How is strike diagnosed?
Confirming a case of flystrike is based on visual inspection: large numbers of adult flies are seen on the discoloured fleece with maggots on the blackened skin once the surrounding fleece has been lifted clear. You may also notice a decaying smell.
How is flystrike treated?
Treatment should be done immediately once found on the sheep. It involves physical removal of maggots, cleaning and disinfection of wounds and supportive treatment such as antibiotics, fluids and non-steroidal anti-inflammatories (NSAIDs) under direction from your vet. Always keep a close eye on flystrike cases as they can soon spread on the sheep and cause further problems.
Prevention and control
Prevention of blowfly strike is an important part of any health plan that you have for your flock, however large or small.
The main costs of blowfly strike are associated with prevention of disease; frequent inspection of sheep and labour-intensive preventative treatments usually cost more than treating a few affected animals, however failure to protect the flock is a major welfare risk.
There are numerous strategies that can be used to reduce the risk of blowfly strike in the flock:
- Examine flock regularly during at risk periods – ideally twice a day.

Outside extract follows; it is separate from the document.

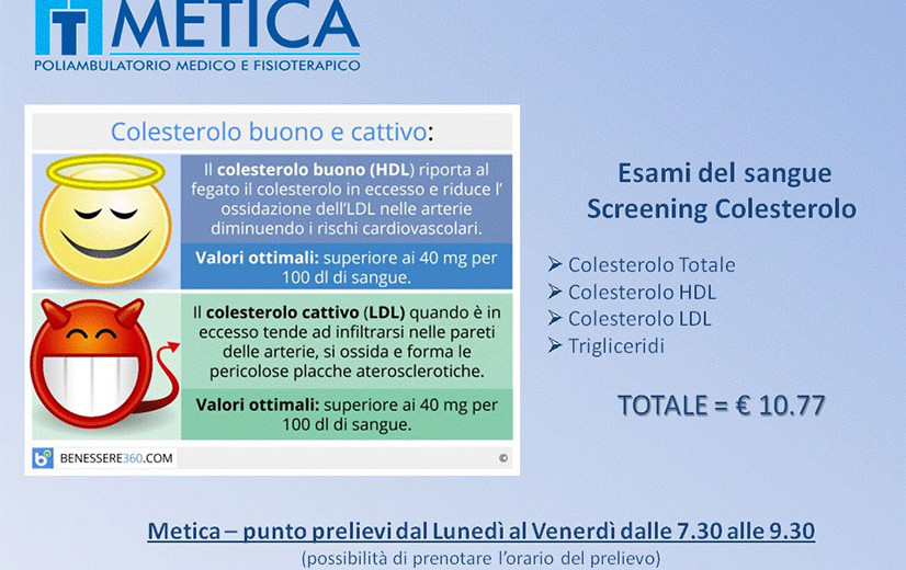 - una concentrazione troppo alta di colesterolo (ipercolesterolemia) e trigliceridi rappresenta un importante fattore di rischio per l’insorgenza di malattie cardiovascolari.

- Shearing from early April, especially in warmer areas or lowland flocks.
- Tail docking of lambs.
- Controlling intestinal parasites and trying not to change the diet as this could cause diarrhoea which flies would be attracted to.
- Correct disposal of carcass disposal.
- Ensure all wounds and footrot lesions are treated promptly.
- Use of the NADIS blowfly alert to identify the periods of highest risk and take preventative action.
There are several chemical products which can be used to help with fly prevention, these include:
- Cypermethrin pour on product – e.g. Crovect, which lasts between 6-8 weeks.
- Plunge with a Diazinon dip gives 6 weeks protection – excluding young lambs.
- An insect control product e.g. CLiK that give 16 weeks protection by preventing larva from hatching
Remember the withdrawal period
This should always be noted and adhered to, as should the application and disposal of the product. It is possible to use aids to trap the flies; this can potentially help to reduce the overall population.
Before using any products, please check all application equipment is working properly and is calibrated. Replenish dips according to instructions and follow safety guidelines.
Flies can be a real problem for sheep so being ready is key. Being prepared for them can help prevent a fatal disease from happening. If you need any advice or guidance, always speak to your veterinary surgeon or your qualified Registered Animal Medicine Advisor (RAMA).